Web Scraper Firefox Extension
April 17, 2019
Since Firefox team has implemented the same browser extension API that Chrome has, we decided that we could also publish Web Scraper on Firefox. Without much effort we got Web Scraper running. You can install the Firefox addon from here - https://addons.mozilla.org/en-US/firefox/addon/web-scraper/. Ever since Firefox got its huge “Quantum” update back in 2018, Mozilla’s popular browser has been on a resurgence. It’s faster than ever, and the back-end overhaul meant that extension developers had to redesign their apps to work with Firefox Quantum. The Web Extensions API is compatible with other browser and removes the overhead of developing the same solution for different platforms. You can download Firefox version of Web Scraper here. If the Firefox version isn't behaving as expected please let us know by posting a bug report in Web Scraper Forum. For FireFox you can use User Agent Switcher extension. For Chrome there is currently no extension, but you can set the User Agent from the command line at startup: chromium-browser –user-agent=”my custom user agent” For Internet Explorer you can use the UAPick extension. And for Python scripts you can set the proxy header with. Web Scraper Web Scraper is a chrome browser extension and a library built for data extraction from web pages. Using this extension you can create a plan (sitemap) how a web site should be traversed and what should be extracted. Using these sitemaps the Web Scraper will navigate the site accordingly and extract all data.
Sitemap.xml, Release
We are happy to announce that Web Scraper 0.4.0 has been released. This release contains a new selector, updates to other selectors and improved CSS selector generator. Starting from version 0.4.0 Web Scraper is also available in Firefox.
Sitemap.xml link selector
Many websites want to be crawled by scrapers. For example, news outlets want their articles to appear in search engine results. In order for this to happen, a search engine has to crawl the entire site. The site can make this work more efficient by listing all of the relevant URLs in a sitemap.xml file. This makes the job for a crawler more efficient and also ensures that everything within the site is being indexed.

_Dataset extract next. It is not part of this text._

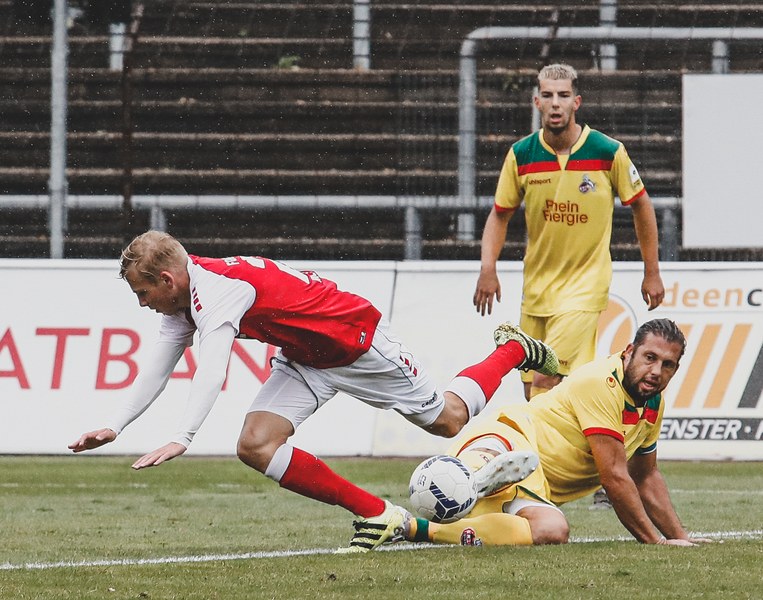 Früh kam die Fortuna bereits zu ihrer ersten Chance. In der 2. Minute war es Hamza Salman, der nach einem Zuspiel von Mike Owusu den gegnerischen Keeper prüfte. Die Fortuna konnte sich in den ersten Minuten gut in der Hälfte der Kölner festsetzen und sich mehrere kleinere Chancen herausspielen, welche allerdings nicht zum Torerfolg führten. Der 1.FC Köln kam in den Anfangsminuten nur mit wenigen Chancen vor das Tor von Kevin Rauhut. Nach einer Ecke von Hamza Salman verfehlte Jannik Löhden das Tor mit einem Kopfball nur knapp (8.). Nach 10 Minuten gab es dann die erste Torannäherung für den 1. FC Köln, aber Rauhut war hell wach und konnte die Chance vereiteln. Hamza Salman spielte in der 13. Minute eine Ecke mit Francis Ubabuike kurz aus und flankte dann gefährlich vor das Tor, der Schiedsrichter pfiff allerdings Foul an Julian Krahl. In den Folgeminuten, kamen die Gäste aus Köln-Müngersdorf dann zu einigen gefährlichen Situationen. So klärte Timo Hölscher nach einem Fehlpass von Jannik Löhden eine Chance des 1.FC Köln im Strafraum, (15.). Kurz darauf kam Christian Clemens von der 16er Kante frei zum Schuss, doch Kevin Rauhut machte die Torwartecke zu und klärte zum Eckball. Die anschließende Ecke brachten die Kölner in den Strafraum, aber der Kopfball landetet zum Glück für Fortuna nur auf dem Tornetz (17.). In der 19. Minute köpft Salman nach einem Einwurf von Dan-Patrick Poggenberg auf das Tor der Kölner, aber Krahl hält den Ball sicher. Kurz darauf kam es zu einer brenzligen Situation vor dem Tor der Fortuna, welche mit einem Freistoß für den 1.FC Köln endete, der allerdings deutlich über dem Tor landete (20.). In der 26. Minute gab es dann die Doppelchance für die Jungs aus der Südstadt. Salman spielt eine kurze Ecke mit Ubabuike aus, welcher den vor dem Tor wartenden Julian Günter-Schmidt sah. Dieser traf allerdings nur den linken Pfosten. Der Ball blieb aber weiterhin gefährlich und fand den Weg in den 5er zu Francis Ubabuike, welcher allerdings in die Arme des Kölner Keepers köpfte. In der 28. Minute setzte sich Owusu stark durch und legte auf Höhe der Strafraumlinie für Ochojski ab, welcher allerdings am linken Pfosten vorbei zog. Nach 30 Minuten gab es einen Freistoß auf Höhe der Mittelinie für die Fortuna, der zunächst gefährlich für das Tor der Geißböcke zu werden schien, dann jedoch in einem Konter für den 1. FC Köln endete, welchen Kevin Rauhut aber parieren konnte. In der 34. Minute spielten die Gäste einen langen Ball auf Henning in den Strafraum, welcher den Ball per Kopf auf Hwang ablegte. Christian Clemens erhielt außen den Ball, hatte das Auge für Lucas Musculus, der aber deutlich über das Tor der Fortuna schoss. Kurz vor der Pause kam die Fortuna wieder besser in das Spiel und erzwang sich einige gute Chancen. So hatten die Gäste in der 40. Minute Glück, als Günther-Schmidt aus kürzester Distanz den Kölner Keeper traf und ein weiteres Mal in der 43. Minute, als Owusu an Krahl scheiterte. Die Fortuna ging mit einem leichten Chancenplus und den deutlich zwingenderen Chancen in die Halbzeitpause. Tore wollten allerdings noch nicht fallen.

With Sitemap.xml Link selector you can leverage this feature to access all of the relevant URLs in a site without having to build a path through the site using the Link selectors for navigation and pagination. With a single selector you can access every product page in an e-commerce site. It is always worth checking out whether the site has sitemap.xml
files before creating other selectors, as using this method can speed up the scraper configuration significantly.
When using the Sitemap.xml Link selector use the Add from robots.txt
button to automatically discover sitemap.xml
links. If no links are discovered you can conduct a manual check whether a example.com/sitemap.xml
page exists. Add child selectors under the Sitemap.xml Link selector that extract data from URLs that the sitemap.xml
file leads to.
Element click selector
With this release it is now possible to add an Element Click Selector under another Element Click Selector. With this feature you can go through multiple product color/size variations within a single product page to get the SKU and the price for every variation.
You can also now use element click selector to click through options within a <select>
element.
Element scroll down selector
Element scroll down selector now scrolls down with a smooth animation. It will additionally try a few tricks to trigger the data load event within the website. Generally the Element scroll down selector isn't as reliable as Link selectors but with this update it should also work in some additional edge cases.
Firefox
I'll start by saying big thanks to Firefox team. They have done a lot work in order to bring the Web Extensions API into their browser. The most painful part of this probably was that they had to remove their previous add-on API with all of the add-ons that developers had been building for years. Despite this, this was a good choice that they made. The Web Extensions API is compatible with other browser and removes the overhead of developing the same solution for different platforms.
You can download Firefox version of Web Scraper here. If the Firefox version isn't behaving as expected please let us know by posting a bug report in Web Scraper Forum.
CSS Selector generator
Bugmenot Firefox Extension
When you are selecting an element within a page, Web Scraper generates a CSS selector. In this release we made some improvements to the CSS Selector generator. When generating a CSS Selector the generator will additionally try to use element attributes and their values. Additionally it will generate better CSS selectors for description lists using the :contains()
selector. We made some additional tweaks to reduce the use of order based selector :nth-of-type()
which frequently doesn't work well across multiple pages.